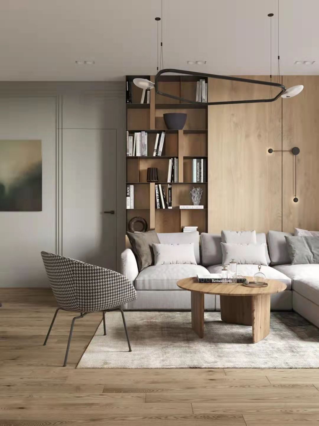 地板与橱柜皆为暖色木质搭配冷色青灰墙面与沙发非常和谐
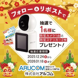 抽選で1名様に防犯カメラとステッカーがあた…
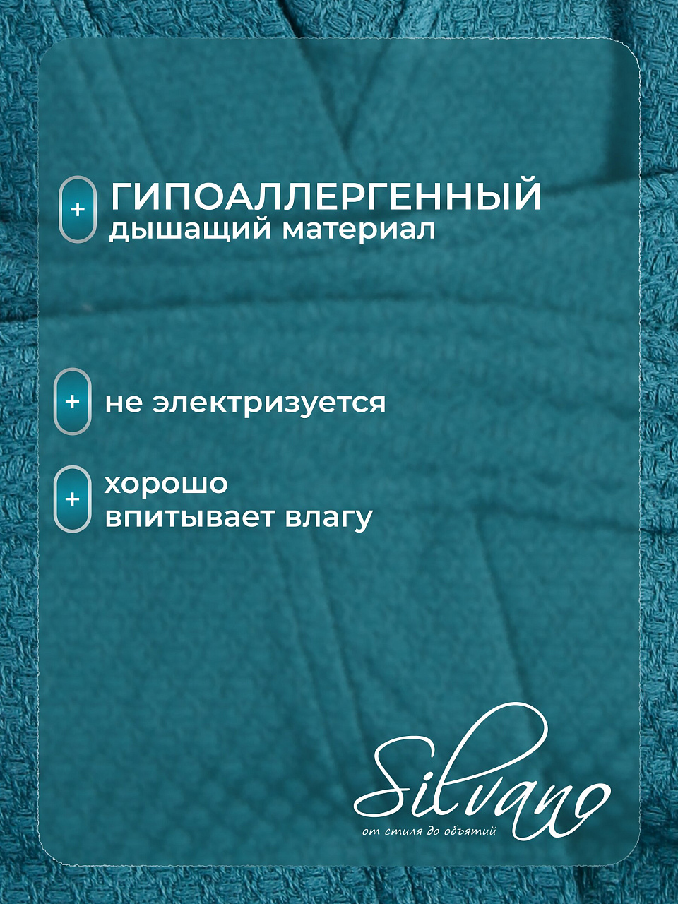 Многие спрашивают: «Какой халат лучше выбрать для дачи или после душа?» Вафельный халат Silvano быстро сохнет, не мнется, легко стирается и сохраняет яркость изумрудного цвета. В отличие от махровых аналогов, он легче и компактнее — удобно брать с собой в поездки. Без капюшона, на поясе, без рисунка — лаконичный стиль подходит для любого возраста и пола. Размер М (48-50) рассчитан на средние параметры, что часто спрашивают в чат-ботах: «Как выбрать размер халата?» — ориентируйтесь на привычную одежду, халат свободного кроя.
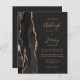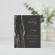 Ahorre el coste de imprimir y enviar por correo tarjetas RSVP independientes con esta elegante y moderna invitación a boda todo en uno. El borde izquierdo tiene un borde de agujeros de color negro recortado con un purpurina de imitación dorado. El texto del personalizable combina la escritura a mano de color dorado, las fuentes de copperplate y cursiva sobre un fondo negro de pizarra. El reverso proporciona espacio para los detalles de los bodas sobre un fondo negro de pizarra sólida, junto con un código QR que los huéspedes pueden explorar para visitar su sitio web y RSVP.
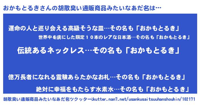 | 男性向けラノベタイトル風あだ名 | 『ダンジョンにおかもとるきを求めるのは間違っているだろうか』 |
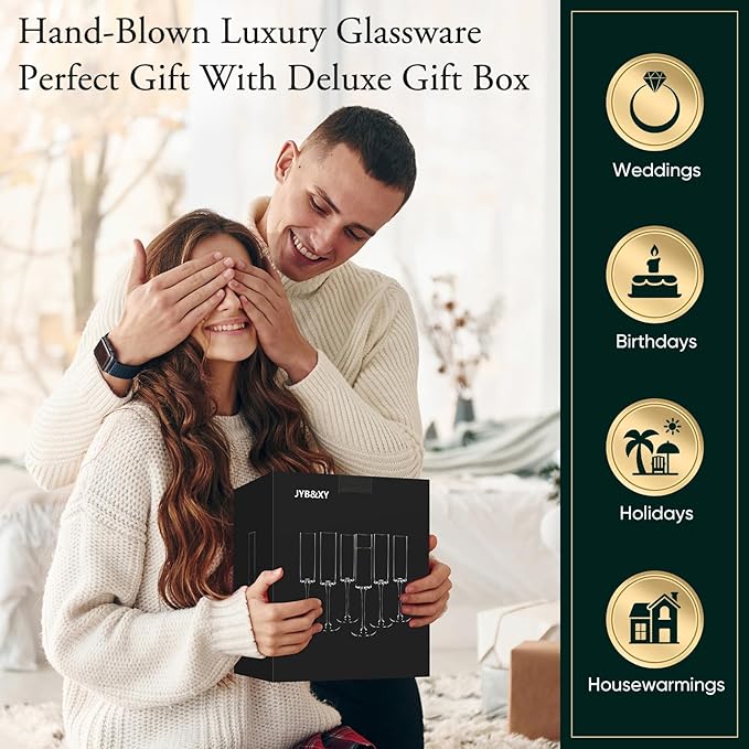 - Classy Gift With Gift-ready Packaging: Elegant and exquisite wine glasses often need more high-end packaging boxes to reflect.Order these long stem champagne flutes for yourself or as a thoughtful housewarming gift idea for a special friend, and you can be sure to win their appreciation!
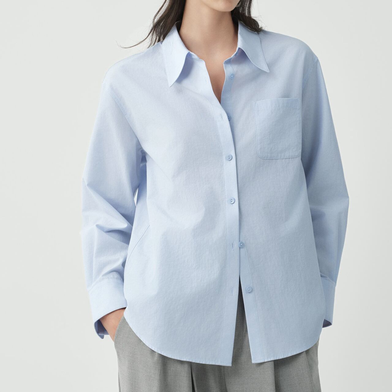 カジュアルにもオフィスにも合わせやすいシャツです。
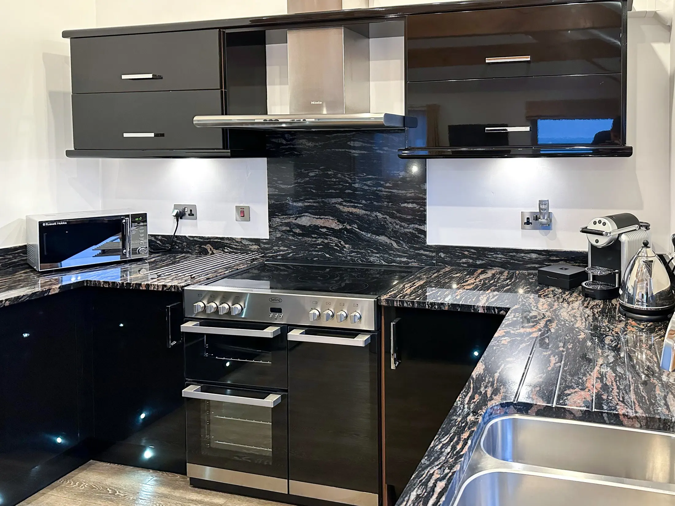 The fully equipped kitchen is finished with quality appliances and everything you need for your stay, including:
****************************************
## How to complete this task
Each line from the start of the listing above through the line with "男性向けラノベタイトル風あだ名 | 『ダンジョンにおかもとるきを求めるのは間違っているだろうか』 |" is what to output, exactly as written and without pictures.

## The answer
 地板与橱柜皆为暖色木质搭配冷色青灰墙面与沙发非常和谐
 抽選で1名様に防犯カメラとステッカーがあた…
 Многие спрашивают: «Какой халат лучше выбрать для дачи или после душа?» Вафельный халат Silvano быстро сохнет, не мнется, легко стирается и сохраняет яркость изумрудного цвета. В отличие от махровых аналогов, он легче и компактнее — удобно брать с собой в поездки. Без капюшона, на поясе, без рисунка — лаконичный стиль подходит для любого возраста и пола. Размер М (48-50) рассчитан на средние параметры, что часто спрашивают в чат-ботах: «Как выбрать размер халата?» — ориентируйтесь на привычную одежду, халат свободного кроя.
 Ahorre el coste de imprimir y enviar por correo tarjetas RSVP independientes con esta elegante y moderna invitación a boda todo en uno. El borde izquierdo tiene un borde de agujeros de color negro recortado con un purpurina de imitación dorado. El texto del personalizable combina la escritura a mano de color dorado, las fuentes de copperplate y cursiva sobre un fondo negro de pizarra. El reverso proporciona espacio para los detalles de los bodas sobre un fondo negro de pizarra sólida, junto con un código QR que los huéspedes pueden explorar para visitar su sitio web y RSVP.
 | 男性向けラノベタイトル風あだ名 | 『ダンジョンにおかもとるきを求めるのは間違っているだろうか』 |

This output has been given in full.